Comment 26 Richard Biener 2015-06-23 08:17:09 UTC

The gcc-4_8-branch is being closed, re-targeting regressions to 4.9.3.

Comment 27 Jakub Jelinek 2015-06-26 19:53:44 UTC

GCC 4.9.3 has been released.

Comment 28 Richard Biener 2016-08-03 08:37:34 UTC

GCC 4.9 branch is being closed

Comment 29 Segher Boessenkool 2017-11-03 12:59:33 UTC

We currently generate

fun:
        lwz 8,0(3)
        rlwimi 8,4,12,0,31-12
        rlwinm 10,8,24,24,31
        stw 8,0(3)
        rlwinm 10,10,0,30,27
        ori 10,10,0x8
        stb 10,2(3)
        ori 2,2,0
        lwz 10,0(3)
        rlwimi 10,5,9,22,22
        stw 10,0(3)
        blr

which is probably the worst it has been :-/

Comment 30 Jakub Jelinek 2018-10-26 10:21:31 UTC

GCC 6 branch is being closed

Comment 31 Richard Biener 2019-11-14 07:51:18 UTC

The GCC 7 branch is being closed, re-targeting to GCC 8.4.

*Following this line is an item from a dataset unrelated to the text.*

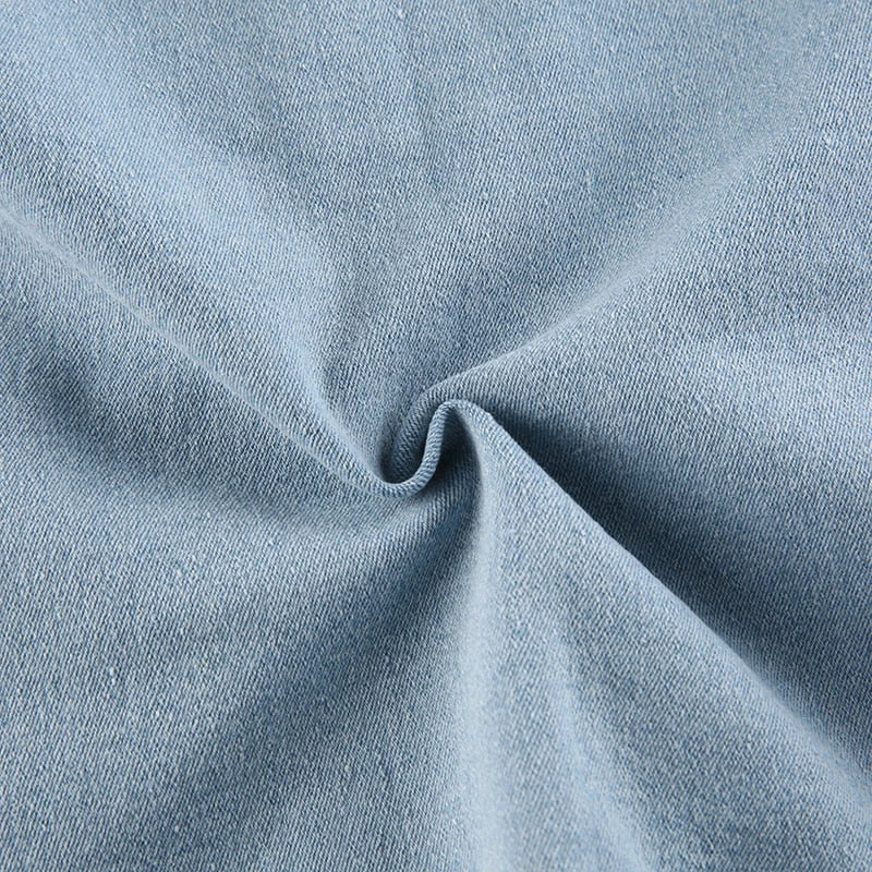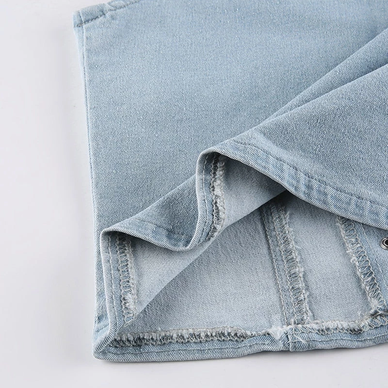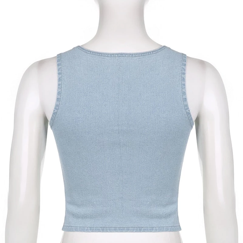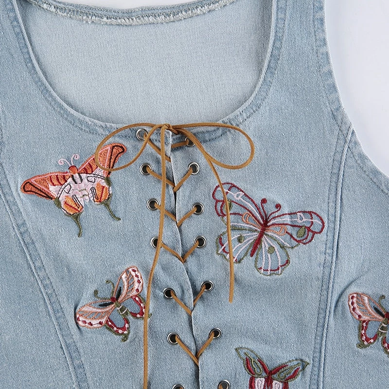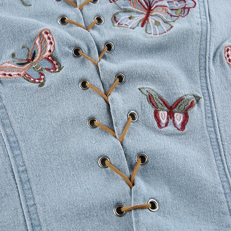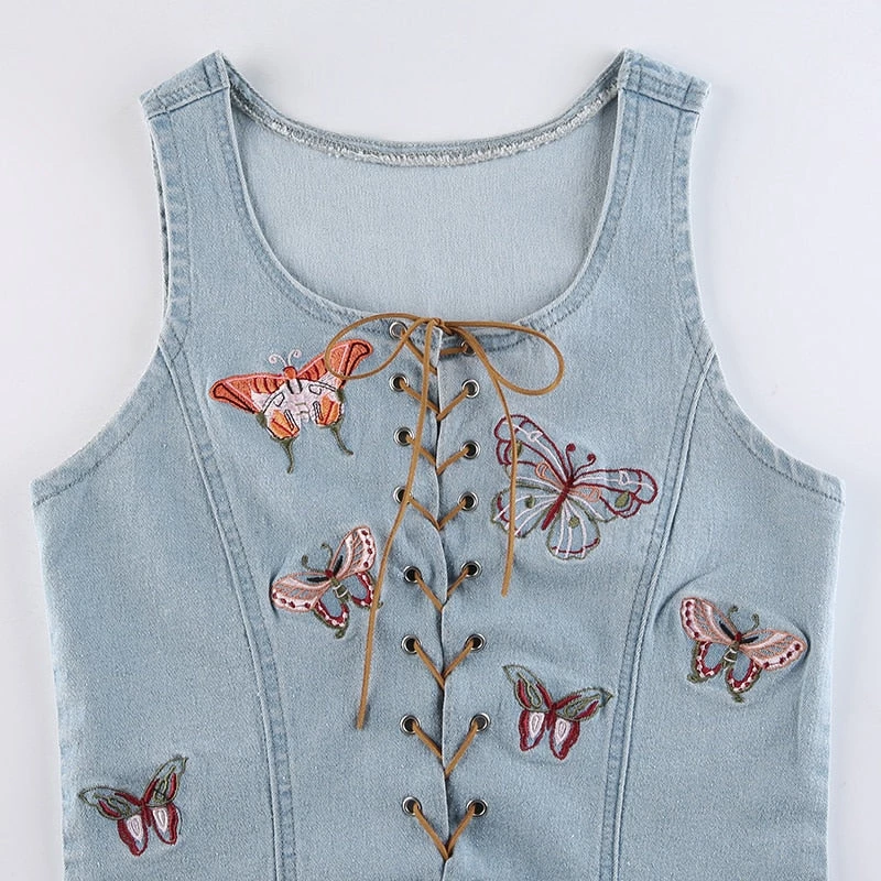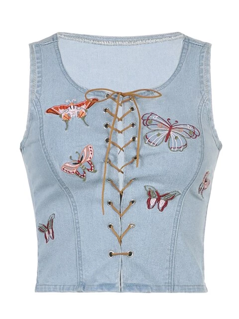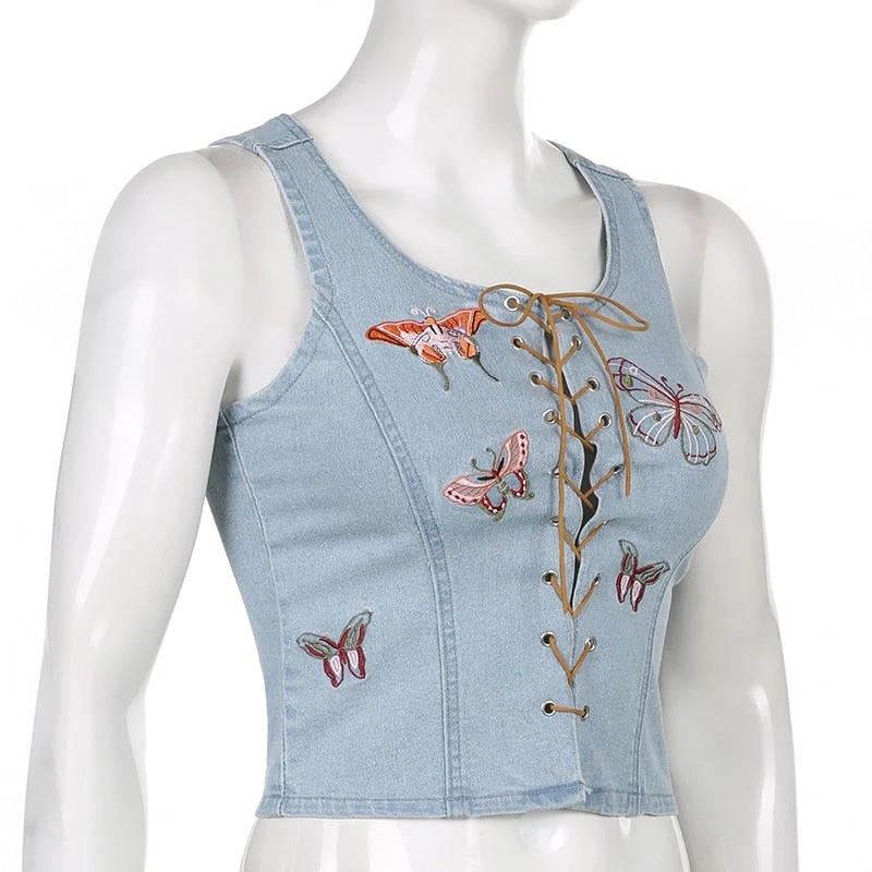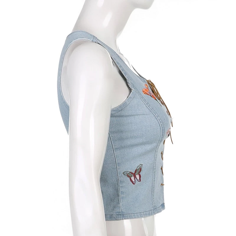 Light blue denim-look tie up tank crop top with a butterfly embroidery design.

Comment 32 Andrew Pinski 2020-01-14 07:51:24 UTC

Mine for GCC 11.  I have patches which improve this a lot.
The problem right now is the padding.

I have an idea where we initialize all structs non-addressed local variables that have a non VOIDmode right before their first use.
Kinda like init-regs does on the RTL but a little more complex.

That is having:
bitstr fun(int s, int l)
{
  bitstr res;
  *(int*)&res = 0;
  res.a  = s;
  res.b  = 1;
  res.c  = 0;
  res.d  = l;
  return res;
}

Will produce better code always :).

Comment 33 rguenther@suse.de 2020-01-14 07:59:47 UTC

On Tue, 14 Jan 2020, pinskia at gcc dot gnu.org wrote:

> https://gcc.gnu.org/bugzilla/show_bug.cgi?id=15596
> 
> Andrew Pinski <pinskia at gcc dot gnu.org> changed:
> 
>            What    |Removed                     |Added
> ----------------------------------------------------------------------------
>            Assignee|rguenth at gcc dot gnu.org         |pinskia at gcc dot gnu.org
>    Target Milestone|8.4                         |11.0
> 
> --- Comment #32 from Andrew Pinski <pinskia at gcc dot gnu.org> ---
> Mine for GCC 11.  I have patches which improve this a lot.
> The problem right now is the padding.
> 
> I have an idea where we initialize all structs non-addressed local variables
> that have a non VOIDmode right before their first use.
> Kinda like init-regs does on the RTL but a little more complex.
> 
> That is having:
> bitstr fun(int s, int l)
> {
>   bitstr res;
>   *(int*)&res = 0;
>   res.a  = s;
>   res.b  = 1;
>   res.c  = 0;
>   res.d  = l;
>   return res;
> }
> 
> Will produce better code always :).

Something like init-regs I'd not like.  But the above should be
detectable by store-merging in some way - store-merging can
merge across "uninitialized" bits (by using zeroing or any
other convenient value).

Comment 34 Andrew Pinski 2020-01-14 08:19:58 UTC

(In reply to rguenther@suse.de from comment #33) 
> Something like init-regs I'd not like.  But the above should be
> detectable by store-merging in some way - store-merging can
> merge across "uninitialized" bits (by using zeroing or any
> other convenient value).

The problem is store merging might be too late.  I have bit-field lowering right now right before PRE.  that means we have lost information before we get to store-merging.  I have been working on the regressions that bit-field lowering and store-merging testcases are the biggest one; I have decided to implement that inside reassoc instead as we are really reassociating BIT_INSERT_EXPRs and are able to optimize some of them into byte swaps, vector constructors, etc.

Comment 35 Jakub Jelinek 2021-04-27 11:37:32 UTC

GCC 11.1 has been released, retargeting bugs to GCC 11.2.

Comment 36 Richard Biener 2021-07-28 07:04:13 UTC

GCC 11.2 is being released, retargeting bugs to GCC 11.3

Comment 37 Richard Biener 2022-04-21 07:47:27 UTC

GCC 11.3 is being released, retargeting bugs to GCC 11.4.

Comment 38 Jakub Jelinek 2023-05-29 10:01:37 UTC

GCC 11.4 is being released, retargeting bugs to GCC 11.5.